Our study, being retrospective, was not constructed to answer if a non-responder could be converted to a responder and if that ‘conversion’ would translate into at better long-term prognosis comparable with the spontaneous positive responders. Some of the non-responders would have been referred to an echo-based re-evaluation of the pacemaker settings, but due to the retrospective nature of the study we were not able to recapitulate in detail the interventions made for non-responders in this cohort. Future prospective trials will have to clarify if interventions transform into better outcome, and we believe that our results have added information pointing towards the incremental value of such a prospective trial.

Gender differences

In a pre-specified analysis, we wanted to investigate gender differences in outcome in our cohort.

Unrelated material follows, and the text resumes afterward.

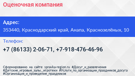 Оценочная компания по адресу 353440, Краснодарский край, Анапа, Краснозелёных, 10 в дальнейшем Организация, размещена в следующих категориях: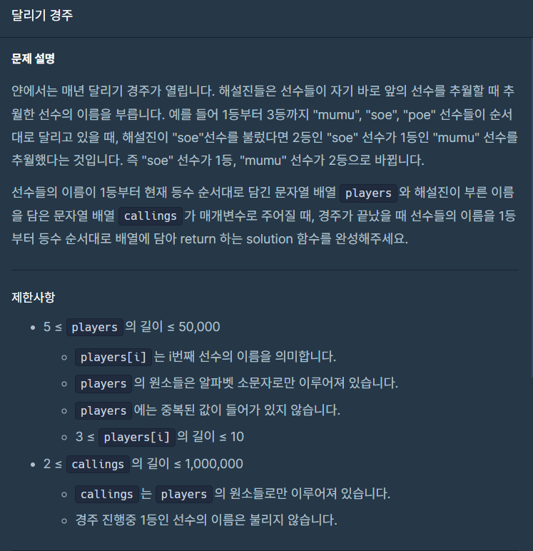 프로그래머스-달리기경주

Previous studies have shown conflicting results regarding gender differences in CRT effect, with some studies reporting a better effect of CRT in women,19–21 while others have reported a neutral or negative effect.6,12,22 Our findings add to the existing data and support the notion that women seem to benefit more from CRT therapy than men. However, the number of women in our cohort was small (76 in all), and conclusions regarding this subgroup should therefore be made with caution because of low statistical power. Nevertheless, gender differences in CRT treatment is an important issue and need to be assessed again in future prospective trials, since women are consistently under-represented in CRT therapy in general and CRT-D therapy in particular.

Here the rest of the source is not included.